D'un autre côté, ils ont aussi rencontré des MUL, ces étranges créatures qui ont pour habitude de crapahuter avec des sacs ultralégers de moins de 6kg. Les MUL étaient passés et pensaient que le HPR serait entièrement praticable d'ici quelques jours, le temps que la neige finisse de fondre.
Alors qu'ils marchaient vers le Pic Carlit avec leurs nouveaux compagnons de route - Serge et Martine - récupérés dans la matinée à Eyne, ils ont été surpris par un orage terrible et la grêle s'est abattue tellement violemment sur eux que le paysage en est devenu totalement blanc.

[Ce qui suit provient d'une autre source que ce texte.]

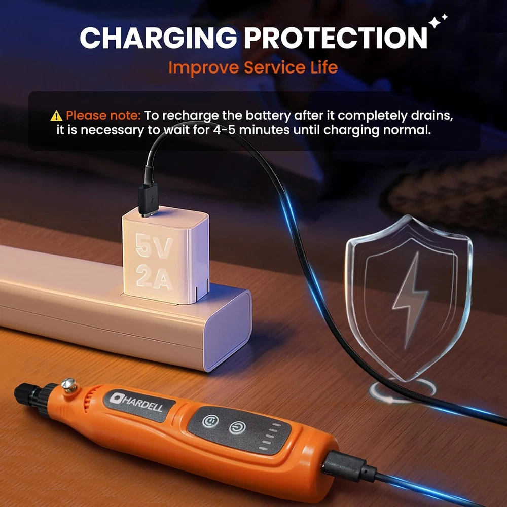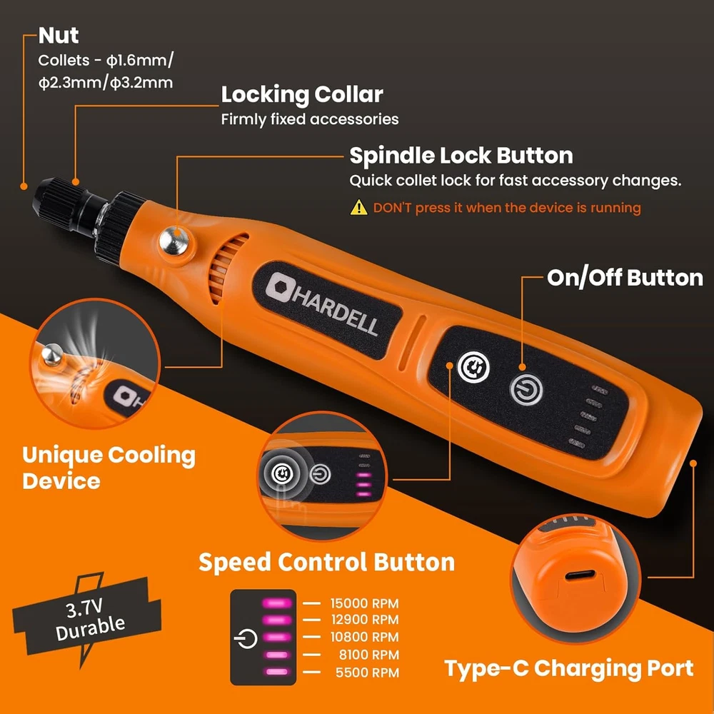 Store New Arrivals Add to Favorite View Feedback Contact HARDELL Mini Cordless Rotary Tool 3.7V, 5-Speed Rotary Tool Kit with 43 Accessories, Type-C Charging Power Rotary Tool for Engraving, Sanding, Polishing, Drilling, Grinding, Small DIY Crafts Description Item model number A41-HDCR0701-11 Style Cordless Rotary Tool 5-Speed Power Source Battery Powered Country of Origin China Battery Cell Type Lithium Ion Batteries Included? Yes Usage DIY Batteries Required? Yes Brand HARDELL Material ABS Minimum Speed 5000 RPM Number of Batteries 1 Lithium Ion batteries required. (included) Package Dimensions 6.77 x 4.25 x 1.85 inches Manufacturer HARDELL Item Weight 9.1 ounces Maximum Rotational Speed 15000 RPM Special Features Light Duty, Variable Speed, Cordless, Multi Use, Use While Charging Special Feature Light Duty, Variable Speed, Cordless, Multi Use, Use While Charging Color Orange Batteries 1 Lithium Ion batteries required. (included) Voltage 3.7 Volts Recommended Uses For Product Drilling, Engraving, Carving, Sanding, Polishing, Grinding Included Components 1* Cordless Rotary Tool 3.7V, 1* Tool Bag, 1* Spanner, 1* USB Cable, 42* Power Rotary Tool Accessories Size Small 【STAY UNSTOPPED WITH USE WHILE CHARGING】- Equipped with a 1M TYPE-C fast charging cable, our rotary tool can be used while charging, allowing you to stay in the creative zone without interruptions. Say goodbye to the frustration of forgotten charges. 【UNLEASH YOUR CREATIVITY WITH NEW POWER】- Featuring an upgraded motor, our rotary tool puts more power into your DIY projects. handling most of the small DIY materials, perfecting every detail, and personalizing special presents for your family. 【IMPROVE SERVICE LIFE WITH CHARGING PROTECTION】- Our HARDELL mini cordless rotary tool is built to last with enhanced battery durability. Its unique charging protection ensures a longer lifespan and optimal performance, let your creativity is never compromised. (Wait for just 4-5 minutes after a full discharge, until the rotary tool kit charge normally) 【CONQUER ANY SMALL DIY TASK WITH EASE】- With 5 adjustable speeds (5500/8100/10800/12900/15000 RPM), our mini rotary tool empowers you to effortlessly tackle any small DIY project. Even if you're a beginner, still can experience effortless control joy. the cloud-lightweight feeling reduces hand strain, allows you to work for hours without fatigue. 【YOUR VERSATILE DIY PARTERNE】- This rotary tool set includes a high-performance rotary tool with 43 of the most popular power rotary tool accessories for fine DIY work. Ideal for engraving,carving, sanding, grinding and polishing, this rotary tool cordless is perfect for creating resin,clay crafts, like a portable toolbox in the palm of your hand. Product Description The video showcases the product in use. The video guides you through product setup. The video compares multiple products. The video shows the product being unpacked. Like a portable toolbox in your hand NEVER MISS ANY BEAT WITH OUR CORDLESS ROTARY TOOL Handier , smaller , and more controllable . The mini cordless rotary tool will make your wonderful ideas come true. Charge while Using , which let you can fully focus on your creation. It has 43 rotary tool accessories . you can grind , carve , polish , engrave , drill , sand , clean and other amazing uses await your exploration. Freely exchange the multifunctional bits , which can be applied to different materials and projects. Your manual DIY advanture will be more effective and efficient . Mini Cordless Rotary Tool Small Handheld Sander Tool As a detail sanding tool, help you sanding all the tight spaces of your crafts Mini Cordless Rotary Tool lightweight Engraving Pen As an easy engraving tool, helps you carve your own works and names Mini Cordless Rotary Tool Jewelry Drilling Tool Kit As a jewelry drilling tool kit, helps you create unique jewelry that will wow everyone Mini Cordless Rotary Tool Mini Jewelry Polishing Tool As a lightweight Polishing tool, helps you build a smooth craft for anyone you care about Mini Cordless Rotary Tool Simple Power Grinding Tool As a powerful grinding tool kit, helps you grind the crafts/thin nails to make them perfect 1 Sanding 2 Engraving 3 Drilling 4 Polishing/Cleaning 5 Grinding Why does my drill bit keep falling off the cordless rotary tool? Usually it's because you have chosen the wrong collet. The drill bit has a shank diameter of 1.6 MM. Please choose the smallest collet (1.6 MM). Or it may be you did not tighten the black nut. Why does my sanding drum (not sanding band) keep falling off the mini rotary tool? Usually it's because you have chosen the wrong collet. The sanding drum has a shank diameter of 2.3 MM. Please choose the middle collet (2.3 MM). Or it may be you did not tighten the black nut. Why does my sanding band (not sanding drum) keep falling off the mini rotary tool kit? This is because the expansion screws on the top of the sanding drum are not tightened. Please refer to the installation instructions in the picture to adjust them. Why my HARDELL mini cordless rotary tool can't be charged after it runs out of power (or no charging indication)? To protect the battery, when the battery is exhausted (or in a low voltage state), you need to connect the charger (no LED display is normal) , and wait for about ten minutes before it can start charging normally ( LED display). Why does my rotary tool kit feel like it has no power? We recommend fully charging before use. If you need to use it for a longer time, you can try the function of charging while using (this function can only be used when the power is over 50%). HARDELL Cordless Rotary Tool, One Step To Become DIY Master Add to Cart Add to Cart Add to Cart Add to Cart Add to Cart Add to Cart Customer Reviews 4.2 out of 5 stars 1,299 4.3 out of 5 stars 564 4.3 out of 5 stars 9,186 4.3 out of 5 stars 164 4.1 out of 5 stars 134 4.6 out of 5 stars 90 3.5 out of 5 stars 52 Price $19.99 $ 19 . 99 $25.99 $ 25 . 99
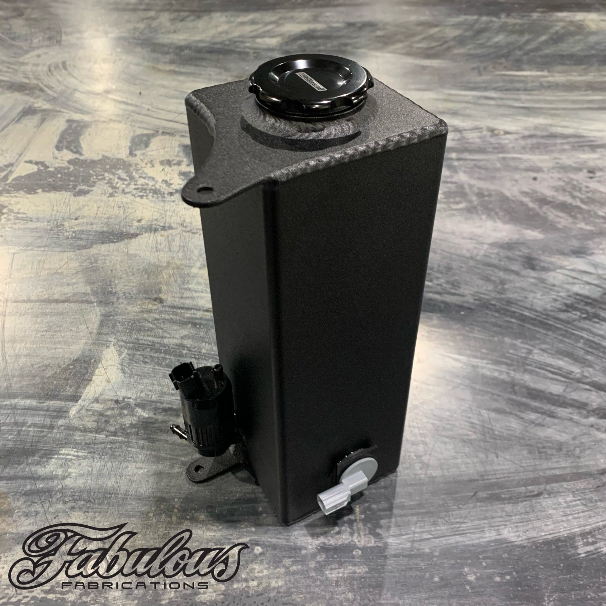 Each washer bottle holds 2.7L, comes powdercoated Dulux Mannex Black and utilises factory mounting points, factory fluid pump and low level sensor and factory wiring loom.

Il faisait un froid de canard, on tentait de se planquer sous des bouts de rochers, on a cherché désespérément une cabane pour bivouaquer, mais il faut bien dire que dans le coin, elles ne sont pas du tout praticables pour les randonneurs : remplies d'outils, boueuses, humides, à peine bonnes pour protéger le touriste d'une ondée un peu forte. On a bien eu les boules et on a fini par planter les tentes au pied du Carlite. Là, le soleil a daigné nous rejoindre vers 19H, juste avant d'aller se coucher.",
raconte Jean-Luc au téléphone.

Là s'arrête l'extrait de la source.